[Task brief] Retype the records below exactly as they stand, but with no images.
** Information provided follows **
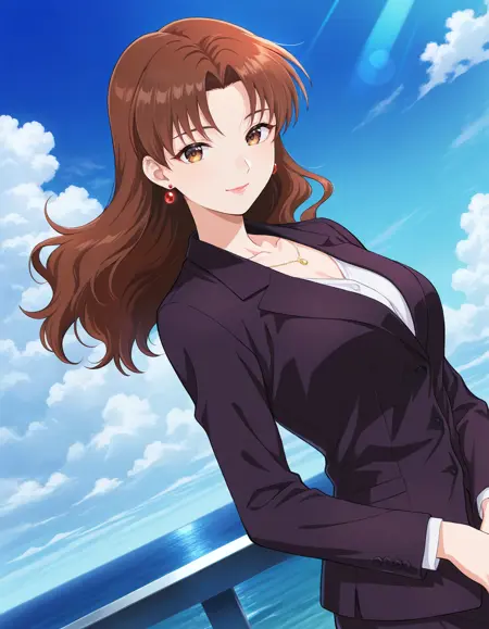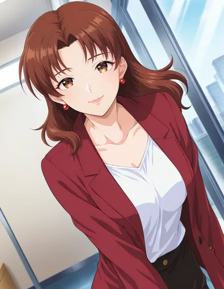 misawa haruka, brown hair, brown eyes, earrings, lips,
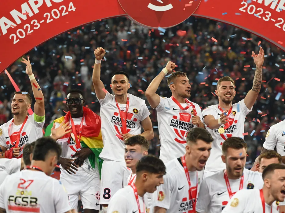Fotbalistii stelisti Octavian George Popescu, Baba Alhassan, Adrian Gheorghe Șut, Mihai Daniel Lixandru si Andrei Ionuț Pandele celebreaza castigarea Superligii in urma meciului dintre FCSB si CFR Cluj, desfășurat pe Arena Nationala din Bucuresti, sambata 11 mai 2024. © FOTO: Razvan Pasarica/SPORT PICTURES
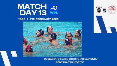Παρακολουθείστε ζωντανά το ματς για την 13η αγωνιστική της Water Polo League των Ανδρών.
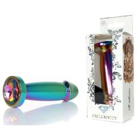 Металлический анальный плаг в виде пениса с разноцветным камушком Boys of Toys Boys Series Jewellery Multicolour размер S
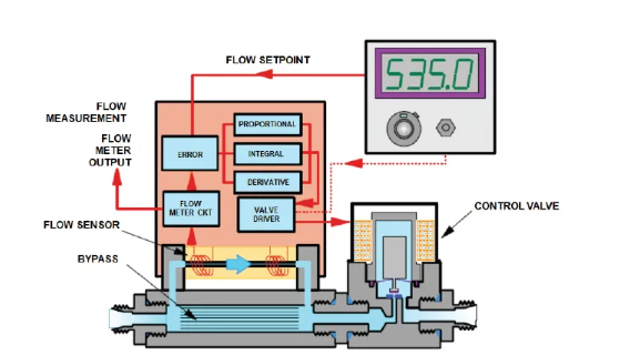 2. 控制部分:溫度檢測元件感知到的溫度變化信號被轉換為電信號,并與預設的流量設定值進行比較。控制器根據比較結果調整加熱元件的加熱功率,以保持加熱元件周圍溫度恒定,從而實現對氣體質量流量的精確控制。
** End of Information provided **
[Answer to the problem]
 misawa haruka, brown hair, brown eyes, earrings, lips,
Fotbalistii stelisti Octavian George Popescu, Baba Alhassan, Adrian Gheorghe Șut, Mihai Daniel Lixandru si Andrei Ionuț Pandele celebreaza castigarea Superligii in urma meciului dintre FCSB si CFR Cluj, desfășurat pe Arena Nationala din Bucuresti, sambata 11 mai 2024. © FOTO: Razvan Pasarica/SPORT PICTURES
Παρακολουθείστε ζωντανά το ματς για την 13η αγωνιστική της Water Polo League των Ανδρών.
 Металлический анальный плаг в виде пениса с разноцветным камушком Boys of Toys Boys Series Jewellery Multicolour размер S
 2. 控制部分:溫度檢測元件感知到的溫度變化信號被轉換為電信號,并與預設的流量設定值進行比較。控制器根據比較結果調整加熱元件的加熱功率,以保持加熱元件周圍溫度恒定,從而實現對氣體質量流量的精確控制。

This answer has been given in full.